Rediscovering scalp acupuncture

At the end of September, I had the opportunity to travel to Madison, Wisconsin, to attend a scalp acupuncture seminar taught by Suzanne Robidoux. I have occasionally used scalp acupuncture since learning the basics in acupuncture school over 10 years ago, but am now inspired to use it a whole lot more. I was aware of the effectiveness of the method, but needed the more in-depth instruction on how to understand it better and use it to achieve the best results possible. Over the past couple of weeks I have started to employ what I learned, and am pleased with the results so far.

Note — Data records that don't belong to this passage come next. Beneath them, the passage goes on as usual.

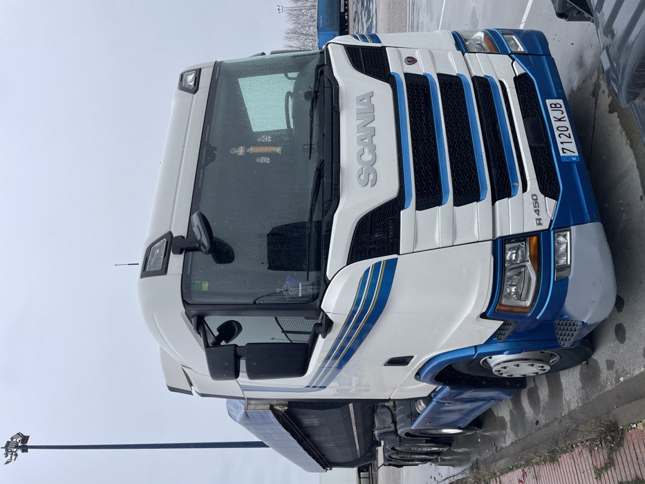 A white and blue Scania R450 semi-truck, featuring blue pinstripes and lower body accents, is parked on a wet asphalt surface
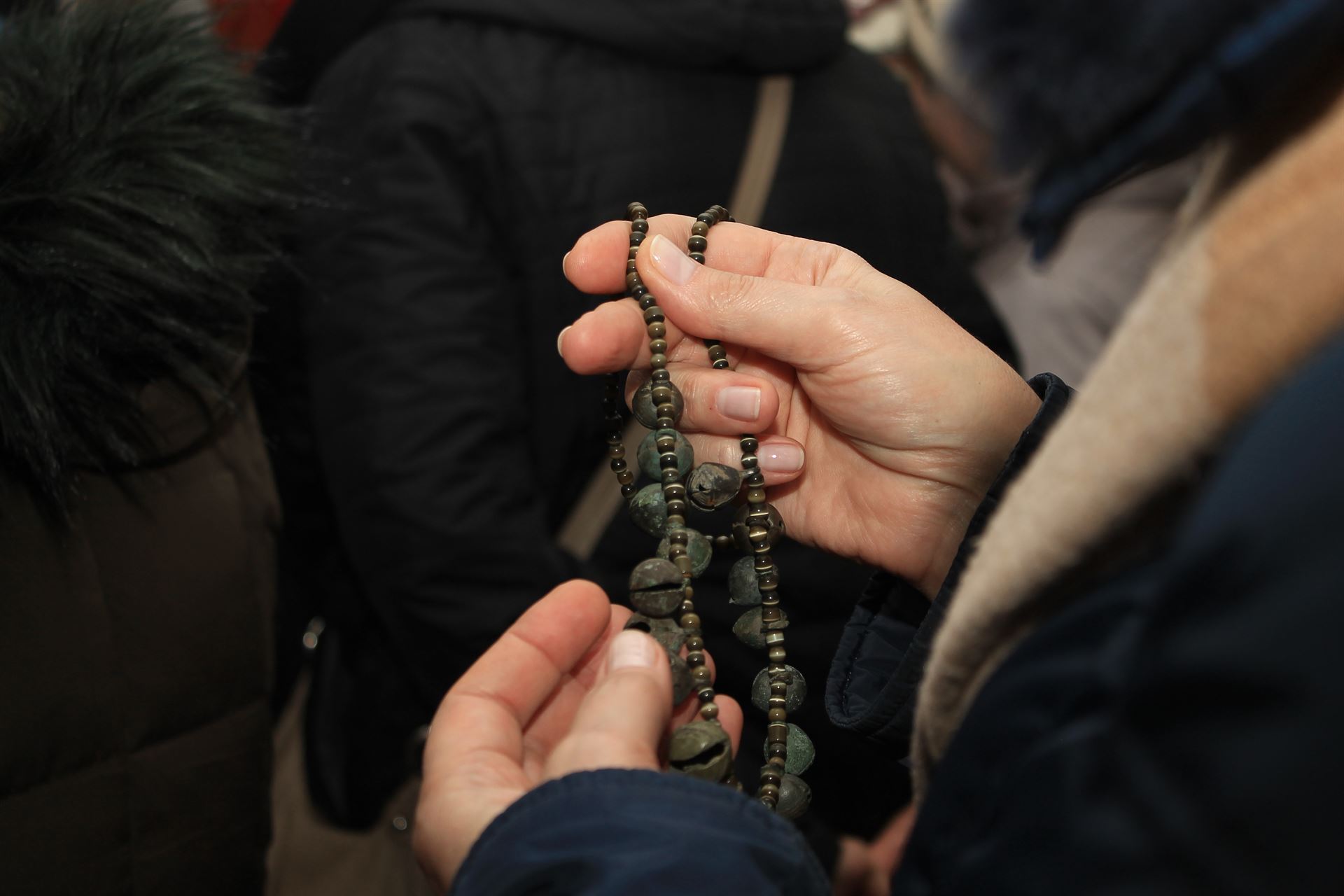 Тим часом Сергій показує присутнім різні предмети: скіфське дзеркало, прототип сковорідки та грошові одиниці різних часів. А тоді переходить до власних знахідок.
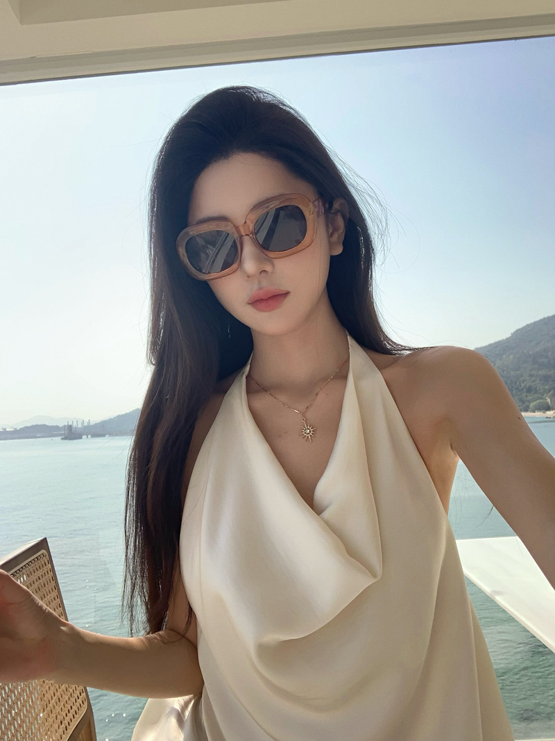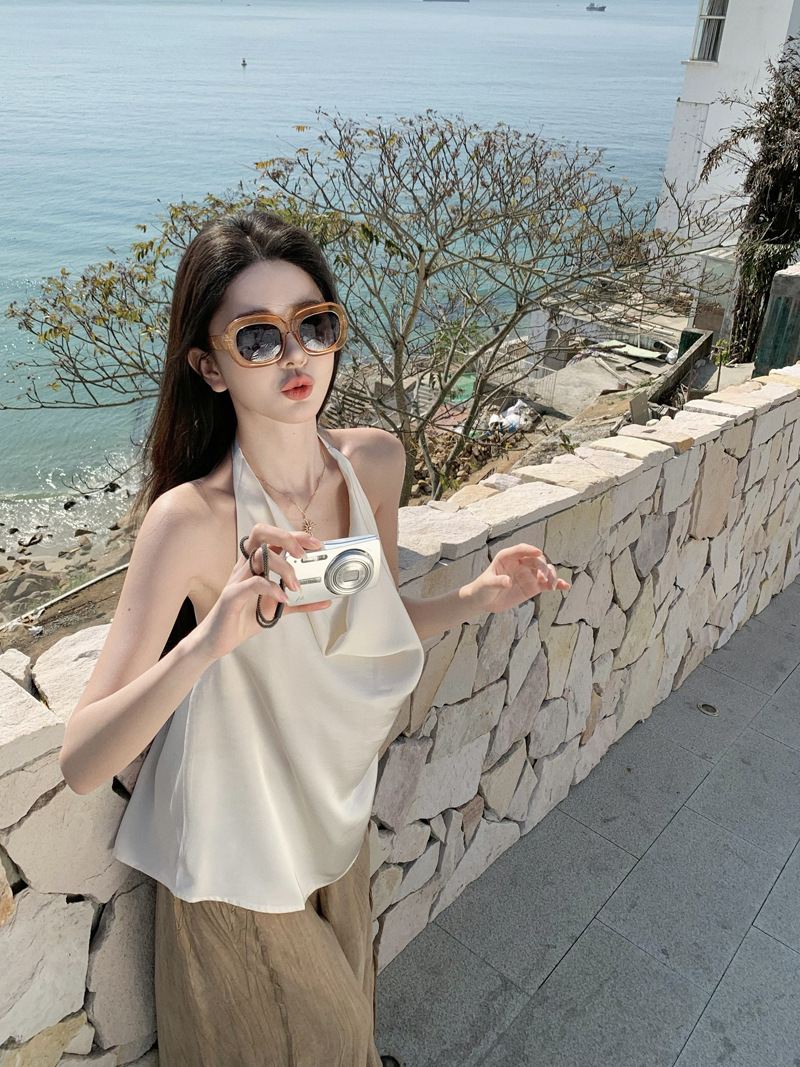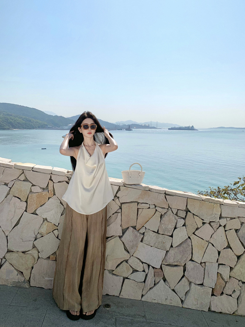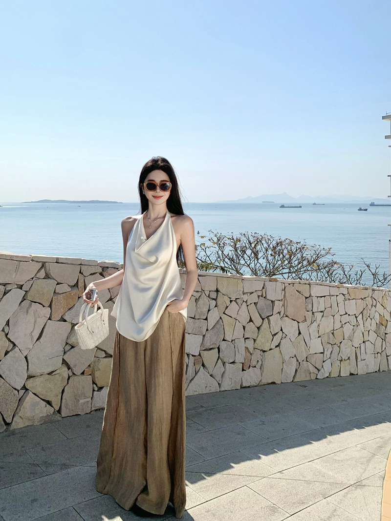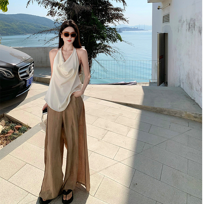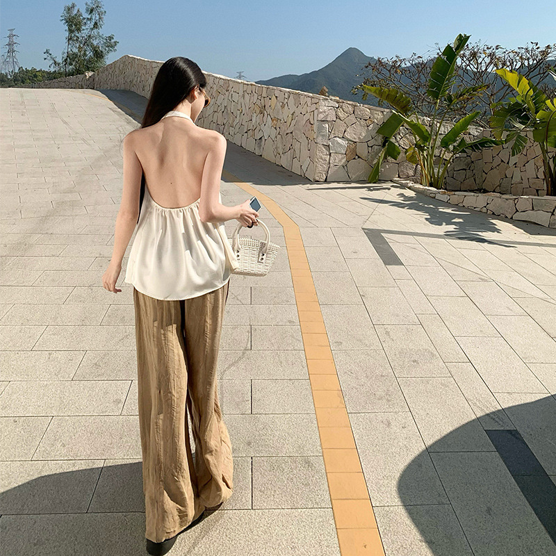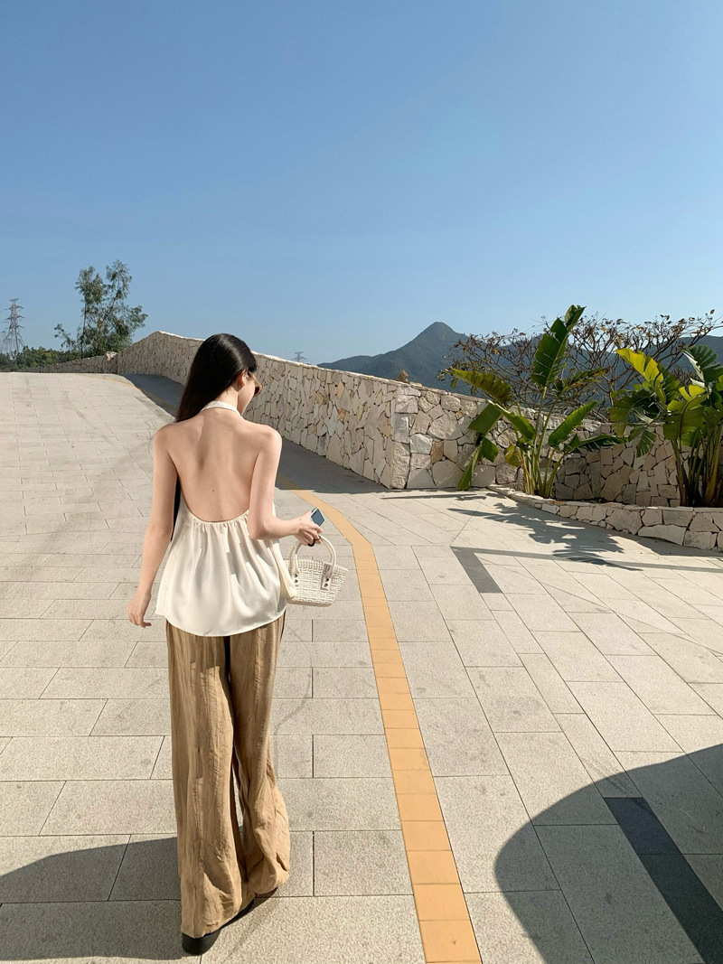 올드 Qian Feng 게으른 휴식 휴가 착용 여성 여름 목 백리스 탑 하이 허리 와이드 다리 바지 투피스 세트
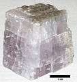 Single calcite crystals display an optical property called birefringence (double refraction). This strong birefringence causes objects viewed through a clear piece of calcite to appear doubled. The birefringent effect (using calcite) was first described by the Danish scientist Rasmus Bartholin in 1669. At a wavelength of ~590 nm calcite has ordinary and extraordinary refractive indices of 1.658 and 1.486, respectively.[6] Between 190 and 1700 nm, the ordinary refractive index varies roughly between 1.6 and 1.4, while the extraordinary refractive index varies between 1.9 and 1.5.[7]
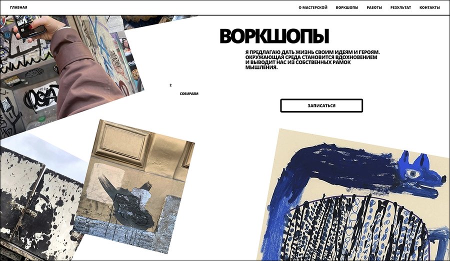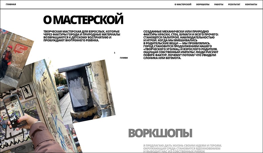 landing творческой мастерской для взрослых, которые через фактуры города и природные материалы — возвращаются к детскому восприятию и пробуждают внутреннего ребёнка.

Scalp acupuncture applies the ancient technique of acupuncture to a modern, scientific understanding of how the brain is mapped. The right side of the brain controls the left side of the body, and vice versa. The brain is further divided into different areas, each with specific jobs to control the various functions of the body: movement, feeling sensation, balance, optics, emotions, focus, and the rest.

Scalp acupuncture was developed by Dr. Jiao Shunfa in the early 1970s in China. Dr. Jiao suspected that he could effectively treat hemiplegia (one-sided paralysis) following a stroke by treating the area over the primary motor cortex of the brain on the opposite side of the paralysis. Dr. Jiao knew that the motor cortex controls how movement is initiated in the body. In the photo above, you can see the “Motor Line,” the line that Dr. Jiao first treated to test his theory.

As Dr. Jiao gained experience by treating many patients, he was able to define several areas that brought about particular therapeutic effects when stimulated with acupuncture needles. These areas were consistent with the already-mapped functional areas of the brain. He developed a comprehensive system to treat many neurological disorders, including stroke, multiple sclerosis, Parkinson’s disease, ALS, traumatic brain injury, and neuropathy.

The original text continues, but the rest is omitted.